Waiting for booster shots at a mobile vaccination clinic in Worcester, Mass., last week.

By Maggie Astor


The Centers for Disease Control and Prevention, which millions of Americans rely on for up-to-date information on vaccination rates in their communities, recently acknowledged that its data might overestimate the number of people who have received first doses while underestimating the number who have received booster shots.


The acknowledgment was easy to miss, tucked into footnotes at the bottom of the vaccination tracking page on the CDC website. It said that, in light of the possible error, the agency would cap its estimates of vaccination rates at 95%. Previously, it had capped its estimates at 99.9% and, for example, showed a 99.9% national vaccination rate for people 65 and older, which experts said was clearly inaccurate.


The CDC’s data on vaccination rates is still considered to be reliable, especially with regard to the number of fully vaccinated Americans, experts say.


The main reason for the discrepancies is that state and county data, which the CDC relies on to compile its statistics, does not always properly link the record of people’s booster shots to the records of their initial vaccinations. When the two are not connected, the booster is recorded as if it were a first dose given to a previously unvaccinated person.


This can happen when people go to a different location for a booster shot than they did for their original series of injections. That often occurs when people move, or the place they received their first doses doesn’t exist anymore, as is the case with many government-sponsored mass vaccination sites that closed after a few months. Sometimes a different location for a booster is chosen simply because it’s more convenient.


Data reported to the CDC is stripped of personal information, which makes it difficult to spot and correct these sorts of errors.

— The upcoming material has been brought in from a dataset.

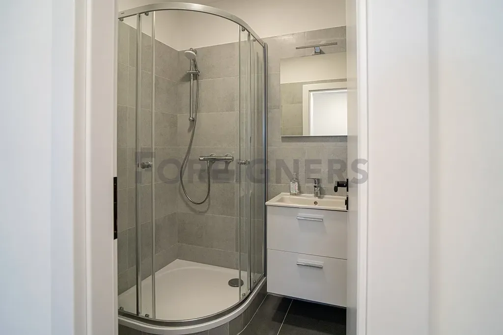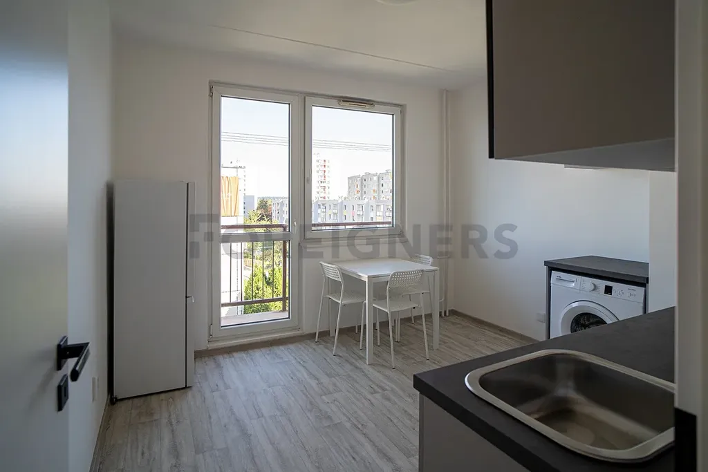 Pokoj se nachází v plně vybaveném, moderním bytě. V pokoji je umístěna postel s matrací, komoda, psací stůl se židlí a věšák na oblečení. Kuchyně je vybavena moderními spotřebiči - myčkou na nádobí, pračkou, elektrickou troubou, mikrovlnnou troubou a indukční deskou. Součástí vybavení jsou také základní příbory, talíře a hrnky. V kuchyni je také umístěna lednice s mrazákem a jídelní stůl se 4 židlemi. V koupelně je umístěn sprchový kout, umyvadlo se skříňkou a zrcadlo. V hlavní chodbě je umístěna sdílená šatní skříň a věšák na kabáty s botníkem.

“Even with the high-quality data CDC receives from jurisdictions and federal entities, there are limits to how CDC can analyze those data,” the agency said in one of its footnotes. The note added that people receiving boosters at a different location was “just one example of how CDC’s data may overestimate first doses and underestimate booster doses.”


A broader reporting challenge is that methodology varies from state to state. Some, for instance, record prisoners in the county where they are incarcerated, while others record them in the county where they lived before. These practices do not always align with how the census counts prisoners — and the CDC uses census counts as its denominators in calculating vaccination rates.


Take Crowley County, Colorado, as an example. The county is home to a state prison with capacity for nearly 1,900 people. Colorado counts those prisoners at their last legal address, not in Crowley County (unless, of course, they lived in Crowley before they were incarcerated).


That means the state calculates the county’s vaccination rate by dividing the number of vaccinations by the number of residents excluding prisoners. But when Colorado reports its data to the CDC, the agency divides the number of vaccinations by the census count, which includes prisoners.


Given that the county has fewer than 6,000 residents, that change in the denominator makes a huge difference, yielding a vaccination rate of just over 20% in the CDC data but close to 50% in Colorado’s data.